Response time: changes made by the human must be incorporated into the visualization in a timely manner

Compared to static visualizations, which are the type of visualization that we create using [ggplot2]{.monospace}, interactive visualizations allow us to include additional information in the plots that make up our R Markdown reports. As Andy Kirk explains in Data Visualisation: A Handbook for Data Driven Design, interactive visualizations, when used in the right circumstances, offer many advantages[@kirk:data-visualisation-handbook:2016],

It expands the physical limits of what you can show in a given space.

It increases the quanity and broadens the variety of angles of analysis to serve different curiosities.

It facilitates manipulations of the data displayed to handle varied interrogations.

It increases the overall control and potential customisation of the experience.

It amplifies your creative license and the scope for exploring different techniques for engaging users.

Dashboards are a common way to implement an interactive visualization and also allow users to select the parts of a dataset they want to include in a plot. An example of a dashboard-based interactive visualization can be seen here: https://ajayk.shinyapps.io/csi_773/. While we won’t be building a full dashboard, we will utilize two R packages, [highcharter]{.monospace} and [leaflet]{.monospace} to add interactivity to our R Markdown documents and enhance the way we explore a new dataset.

About the dataset

::: {.callout .primary} [Unique dataset]{.h4}

This dataset was scraped by Dr.

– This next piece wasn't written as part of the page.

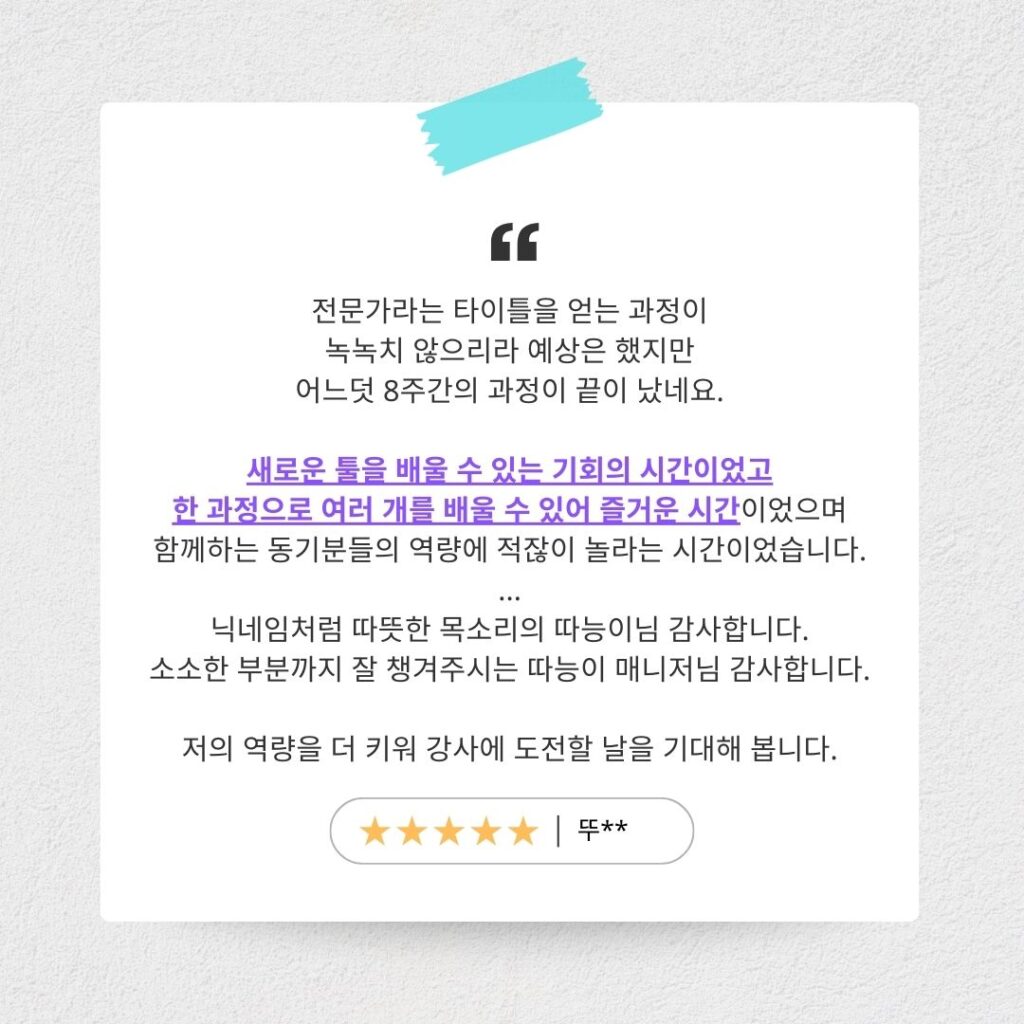 과정을 수료한 후에는 따능스쿨에서 공식 강사로 지원하실 수 있는 기회가 제공됩니다.

Glasbrenner in January 2019 and it is original to CDS 102! :::

You will be working with a dataset consisting of rental property information scraped on January 21, 2019 from https://www.carolinadesigns.com, which is a website people can use to book vacation rentals in North Carolina’s Outer Banks. The information collected for each property includes rental rates, its location, its features, and if any special amenities accompany the property. The website only provides rental rates for properties and dates that haven’t been booked yet, so missing values under the [rate_[month]]{.monospace} columns were imputed using a predictive model trained on the available data.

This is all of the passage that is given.